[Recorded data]
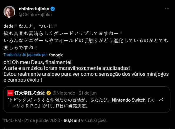 Anteriormente, em 2022, Fujioka comentou que adoraria fazer uma sequência de Super Mario RPG, esperando que também fosse seu jogo “final” antes de se aposentar. Fujioka estava trabalhando em outros RPGs do Mario na AlphaDream, incluindo o último lançado pelo desenvolvedor antes de seu colapso, Mario e Luigi: Bowser’s Inside Story + Bowser Jr.’s Journey. Independentemente disso, o ex-diretor está muito animado para ver o que o remake trará, comentando até mesmo que se pergunta como os minijogos e o design de campo do jogo serão tratados.
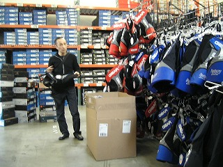 カモが笑顔とはいえ,意外と手強いと知ったおじさんはひとしきりしゃべると奥に引っ込んでいった。ここでS原氏は購入したスチックを切ってもらうついでに,クツの件を切り出した。これには店員二人「マジかよぉ〜」という感じで一瞬絶句したが「実はベイクすると耐久性が落ちる」と「いや,もう閉店で時間がないよぉ〜」ディフェンスで切り抜けようとした。が,執拗なS原氏の「でも,焼くだけ焼いてよぉ〜」「あとはクルマの中で30分履いてるよぉ〜」オフェンスにあえなく屈してしまった。平日夜7時閉店である。ベイクしたら少なくとも30分程度は履いたままにしておきたい。彼らも,若いんだか年取ってんだかわからないオヤジ2名にかまってる場合ではない。まあ,ベイクすれば外に出て行くらしいし,そうすれば閉店出来ると覚悟を決めたのか,S原氏のクツをMissionオーブンに放り込んでくれた。待つこと10分弱で焼き上がったクツをS原氏に手渡した。このころになると若者もこの熱心きわまる御仁に共鳴したのか「履いたら足を動かすなよ!」とか「絶対30分履いたままにしろよ!」とかアドバイスをくれた。
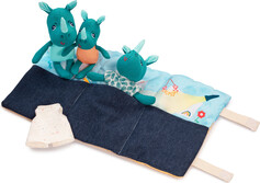 Dečka je obojstranná – na jednej strane môže nosorožčia rodinka tráviť deň plný zábavy na pláži a druhá strana slúži ako postieľka na odpočinok pre celú rodinku. Deti tak môžu prežívať dobrodružstvo s touto nosorožčou rodinkou kdekoľvek na cestách, na dovolenke, na návšteve či u starých rodičov.
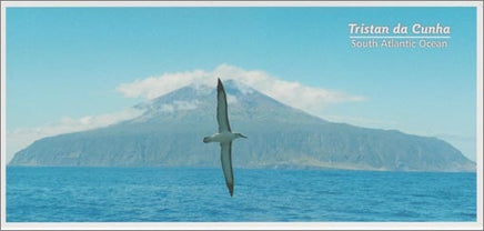 Tristan da Cunha Island and Yellow-nosed Albatross in flight
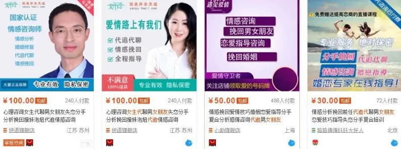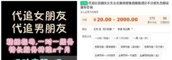 之前老李分享了一篇关于PUA的文章《PUA市场的诱惑,只需要晒聊天记录,每月轻松赚一万+》很多年纪小的同学都来找老李询问关于PUA的项目,其实呢这个项目已经属于是老项目了,只是上一期项目的推广方式真的简单有效,会为大家节省很多的时间,然后账号还可以卖上钱,绝对是稳赚不赔的买卖。 但是今天老李要给大家分享的项目,和PUA有关但更刚需,大家都知道PUA这套体系是从国外带到国内的,PUA鼻祖的话应该是一个叫“迷男”外国小伙儿,所有的PUA体系都是建立在他的一本名叫《迷男方法》这本书之上,这本书主要讲的是教你如何追女生,而国内有些别有用心的人,将理论知识进行整理,弄出一套五部陷阱操控大法,代表人物有死囚漫步、危险人物、小天等等,这些课程的核心就是教你如何速速推倒女生,然后进行情感操控,老李从侧面了解了一下,发现还是有点东西的,比如六芒星审判系统,综合价值评估,浪女信号,里面有一些公式,看样子还算靠谱,但后面的东西就不靠谱了,要坑人害人,给女性挖坑跳井,具体的老李就不懂了,即便是这样的课程,有很多年轻人还是不得要领,完全摸不到头脑,还是找不到女朋友。 这时候网上一些头脑活跃的家伙开始动了心思,在淘宝上提供一对一代追、代聊的服务。 口号就叫代你聊天、代你唠、啥也不管只管Cao,口号是响当当。
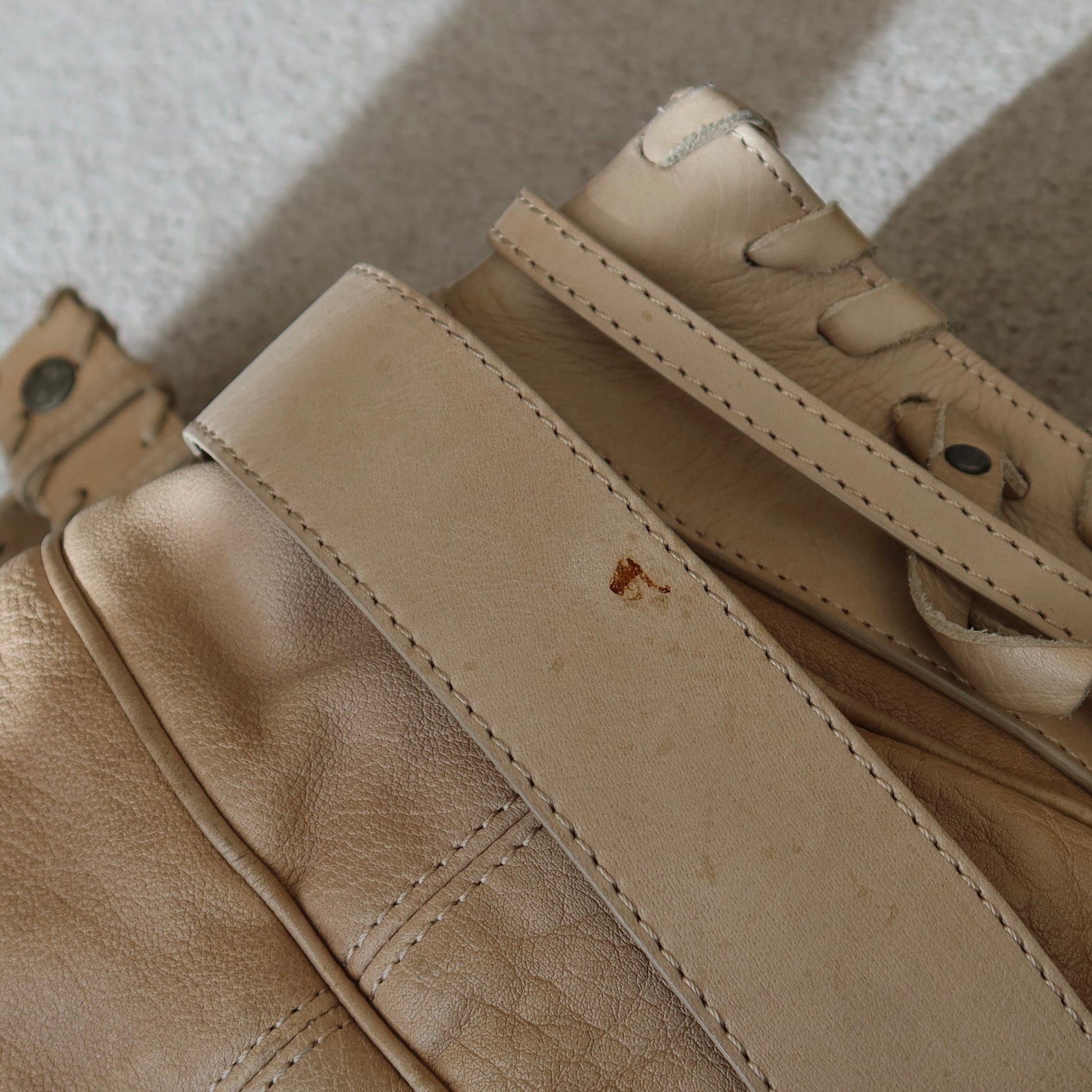 Great vintage condition. Small mark on the leather on the inside. One mark on the base, as pictured. Exterior of the bag and cotton interior are in perfect condition!

| Task requirements |
Only the lines from the one with "カモが笑顔とはいえ,意外と手" through the final line of the entries belong in the answer, set down exactly, with both ends included and no pictures.

| Answer section |
 カモが笑顔とはいえ,意外と手強いと知ったおじさんはひとしきりしゃべると奥に引っ込んでいった。ここでS原氏は購入したスチックを切ってもらうついでに,クツの件を切り出した。これには店員二人「マジかよぉ〜」という感じで一瞬絶句したが「実はベイクすると耐久性が落ちる」と「いや,もう閉店で時間がないよぉ〜」ディフェンスで切り抜けようとした。が,執拗なS原氏の「でも,焼くだけ焼いてよぉ〜」「あとはクルマの中で30分履いてるよぉ〜」オフェンスにあえなく屈してしまった。平日夜7時閉店である。ベイクしたら少なくとも30分程度は履いたままにしておきたい。彼らも,若いんだか年取ってんだかわからないオヤジ2名にかまってる場合ではない。まあ,ベイクすれば外に出て行くらしいし,そうすれば閉店出来ると覚悟を決めたのか,S原氏のクツをMissionオーブンに放り込んでくれた。待つこと10分弱で焼き上がったクツをS原氏に手渡した。このころになると若者もこの熱心きわまる御仁に共鳴したのか「履いたら足を動かすなよ!」とか「絶対30分履いたままにしろよ!」とかアドバイスをくれた。
 Dečka je obojstranná – na jednej strane môže nosorožčia rodinka tráviť deň plný zábavy na pláži a druhá strana slúži ako postieľka na odpočinok pre celú rodinku. Deti tak môžu prežívať dobrodružstvo s touto nosorožčou rodinkou kdekoľvek na cestách, na dovolenke, na návšteve či u starých rodičov.
 Tristan da Cunha Island and Yellow-nosed Albatross in flight
 之前老李分享了一篇关于PUA的文章《PUA市场的诱惑,只需要晒聊天记录,每月轻松赚一万+》很多年纪小的同学都来找老李询问关于PUA的项目,其实呢这个项目已经属于是老项目了,只是上一期项目的推广方式真的简单有效,会为大家节省很多的时间,然后账号还可以卖上钱,绝对是稳赚不赔的买卖。 但是今天老李要给大家分享的项目,和PUA有关但更刚需,大家都知道PUA这套体系是从国外带到国内的,PUA鼻祖的话应该是一个叫“迷男”外国小伙儿,所有的PUA体系都是建立在他的一本名叫《迷男方法》这本书之上,这本书主要讲的是教你如何追女生,而国内有些别有用心的人,将理论知识进行整理,弄出一套五部陷阱操控大法,代表人物有死囚漫步、危险人物、小天等等,这些课程的核心就是教你如何速速推倒女生,然后进行情感操控,老李从侧面了解了一下,发现还是有点东西的,比如六芒星审判系统,综合价值评估,浪女信号,里面有一些公式,看样子还算靠谱,但后面的东西就不靠谱了,要坑人害人,给女性挖坑跳井,具体的老李就不懂了,即便是这样的课程,有很多年轻人还是不得要领,完全摸不到头脑,还是找不到女朋友。 这时候网上一些头脑活跃的家伙开始动了心思,在淘宝上提供一对一代追、代聊的服务。 口号就叫代你聊天、代你唠、啥也不管只管Cao,口号是响当当。
 Great vintage condition. Small mark on the leather on the inside. One mark on the base, as pictured. Exterior of the bag and cotton interior are in perfect condition!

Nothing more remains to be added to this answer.